The quantity of friction is determined as proportion between the force of friction and the force acting normal the sliding interface. The proportion is the coefficient of friction and it is said to be static (μ s ) when the force of friction is measured just before sliding begins or kinetic (μ k ) when the force of friction is measured during sliding. Although the definition is simple and straightforward for sliding in one direction, the complex geometry of natural joints requires taking into account 3-axis cyclic forces acting along with 3-axis cyclic frictional moments [2426].

The friction coefficient in natural joints varies between 0.001 and 0.03 [25] depending on the actual loading conditions and type of lubrication. Artificial joints can fairly reproduce these values [26], however at compromised lubrication conditions the increase of friction might lead to considerable wear [2730]. Association of friction coefficient with squeaking in ceramic-on-ceramic couplings have also been reported [28].

The actual thickness of the lubrication film during motion is predicted by a hydrodynamic theory which takes into account the effect of normal force acting on the element. In addition, viscosity of the lubricant changes in these dynamic conditions making the prediction of friction coefficient a matter of elastohydrodynamic lubrication theory (EHL). In healthy natural articulations tens of microns of synovial fluid separates the opposing surfaces and the predominant type of friction is lubricated friction. Only in extreme cases of overload boundary friction may occur, however, it is typically of short duration and causes no damage. A similar situation has been reported for artificial joints, where high friction coefficients typically associated with dry friction have been found in-vivo [29]. The thickness of lubricating film has been shown to be sensitive to the load to a greater extent than predicted by the EHL models [30].

It should be noted, that low friction is typically sought after for the moving surfaces of artificial joints but large friction is also desired for the surfaces that are not supposed to move respectively, e.g. interface between an implant and bone or implant and bone cement. Low amplitude motion at these surfaces leads to a tribological damage referred to as fretting corrosion. The damage itself results from destruction of the passive oxide layer that brings enhanced corrosion through direct exposure of the metallic surface to a corrosive environment. In addition, particles of polymer and metal oxide form debris that my further accelerate the process. Evolution of fretting damage in a stainless steel/PMMA couple at different electrochemical potential has been shown to be accompanied by the increase of friction coefficient [27]. The root cause of fretting might be related with the micro-damage that bone tissue experiences under cyclic compressive loads associated with physical activities [31], although the cement itself is typically more at risk of fatigue failure than bone [32].


Wear


All bodies subject to friction are susceptible to wear, including the natural healthy articulation, where the loss of mass is quickly replenished and the products of wear, the debris, are resorbed by the body with no side-effect. This autoregulation system is evidently missing in artificial joints and to provide an efficient method of prevention and/or mitigation requires understanding of the involved wear mechanisms. These mechanisms can be classified as abrasive, adhesive and fatigue, according to ASTM terminology [33].

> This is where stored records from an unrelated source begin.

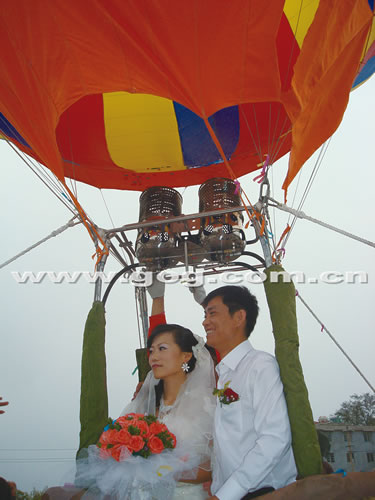 8點(diǎn)20分,新郎方江濤和新娘劉小南坐進(jìn)1米高的竹籃里,乘坐被4根繩子拽著的色彩鮮艷的熱氣球慢慢升空了。1米、2米……熱氣球在掌聲中一點(diǎn)點(diǎn)離開地面,新人的臉上也充滿了喜悅和興奮,新娘向地面不住地舞動(dòng)著手臂,新郎也不時(shí)地替新娘整理被風(fēng)吹起的秀發(fā)。大約10分鐘,熱氣球升高到50米左右后,漸漸下落回到地面。
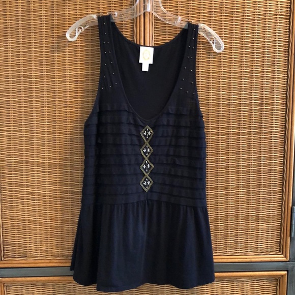 Anthropologie Black Beaded Sleeveless Top Size M
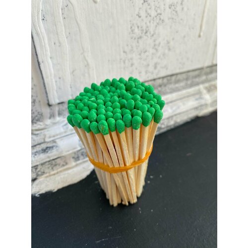 Спички длинные 75 мм, ярко зеленые, 100 шт. (пучок больших спичек с цветной головкой), без чиркало

Abrasive wear is due to hard particles or hard protuberances forced against and moving along a solid surface. Within this category it is commonly distinguished between the mode of three-body and the mode of two-body wear (Fig. 19.4). In the first case, the all the three elements: surface of the implant, counter surface and debris particles act in way that debris particles are allowed both to slide and roll. Whereas, although two-body wear also includes the three here the debris particles are only allowed to slide. The two-body case can also be thought of as debris particles fixed to the counter surfaces and thus mimicking its sliding motion. Due to limited distance between a typical sliding surface of and implant and the counter surface two-body wear mechanism is mostly the case; however, evidence of the three-body mechanism has also been reported [34].

A69698_2_En_19_Fig4_HTML.gif


Fig. 19.4
Schematic representation of abrasive wear: (a) three-body mode of wear with debris particles sliding and rolling, (b) two-body mode of wear with debris particles allowed only to slide

Adhesive wear is due to localized bonding between contacting solid surfaces leading to material transfer between the two surfaces or loss from either surface. Unlike abrasive wear, the material removed from the worn surface is transferred to the counter surface rather than to the medium, thus, no debris is formed. The mass transfer takes place from softer to the harder surface, example from polyethylene to CoCrMo [35], or between surfaces of the same hardness, example metal-on-metal [36] or ceramic-on-ceramic [37].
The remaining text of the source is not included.